Write out exactly, and only, the lines below from the line with "26 cm LED ring" through the line with "In a study in"; pictures do not belong in the copy.

DATASET SECTION
^^^^
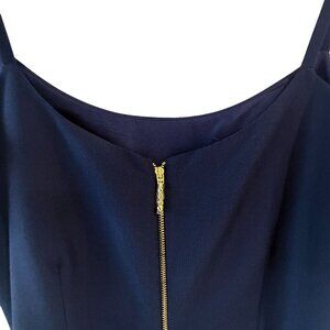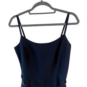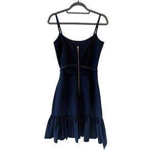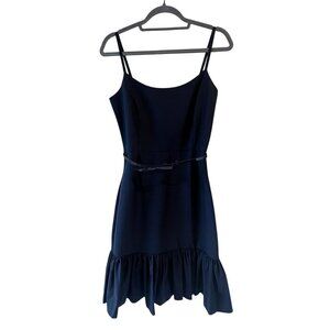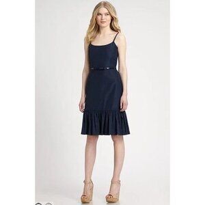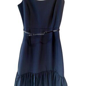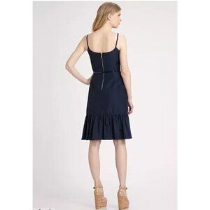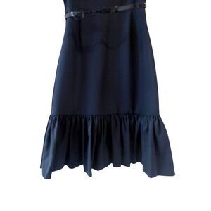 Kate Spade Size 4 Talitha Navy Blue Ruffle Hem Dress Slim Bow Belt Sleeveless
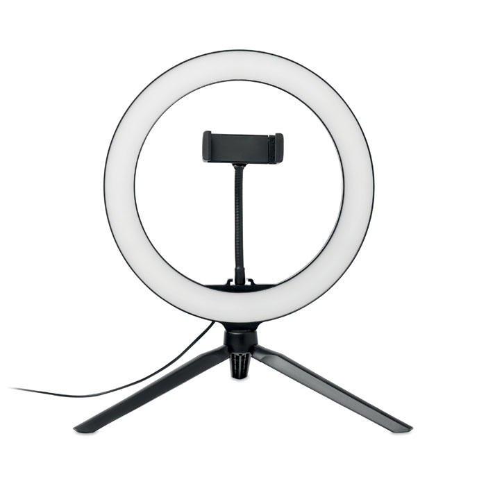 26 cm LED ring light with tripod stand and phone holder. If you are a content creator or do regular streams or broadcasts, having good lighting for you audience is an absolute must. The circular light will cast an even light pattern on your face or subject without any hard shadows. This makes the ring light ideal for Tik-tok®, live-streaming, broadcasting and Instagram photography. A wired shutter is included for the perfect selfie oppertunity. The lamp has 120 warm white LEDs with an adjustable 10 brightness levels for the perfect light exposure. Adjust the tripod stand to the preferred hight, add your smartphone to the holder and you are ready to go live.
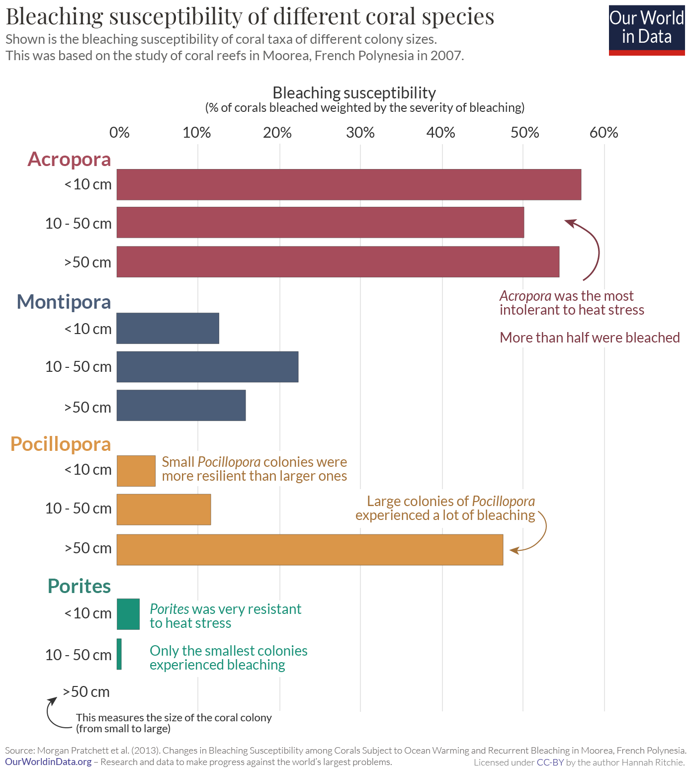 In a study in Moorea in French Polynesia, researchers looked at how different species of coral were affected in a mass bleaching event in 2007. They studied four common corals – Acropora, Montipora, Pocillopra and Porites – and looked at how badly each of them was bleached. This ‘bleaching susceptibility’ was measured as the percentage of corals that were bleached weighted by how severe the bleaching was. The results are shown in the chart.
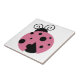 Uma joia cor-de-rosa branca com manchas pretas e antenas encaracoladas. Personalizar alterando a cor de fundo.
^^^^
REPLY
 26 cm LED ring light with tripod stand and phone holder. If you are a content creator or do regular streams or broadcasts, having good lighting for you audience is an absolute must. The circular light will cast an even light pattern on your face or subject without any hard shadows. This makes the ring light ideal for Tik-tok®, live-streaming, broadcasting and Instagram photography. A wired shutter is included for the perfect selfie oppertunity. The lamp has 120 warm white LEDs with an adjustable 10 brightness levels for the perfect light exposure. Adjust the tripod stand to the preferred hight, add your smartphone to the holder and you are ready to go live.
 In a study in Moorea in French Polynesia, researchers looked at how different species of coral were affected in a mass bleaching event in 2007. They studied four common corals – Acropora, Montipora, Pocillopra and Porites – and looked at how badly each of them was bleached. This ‘bleaching susceptibility’ was measured as the percentage of corals that were bleached weighted by how severe the bleaching was. The results are shown in the chart.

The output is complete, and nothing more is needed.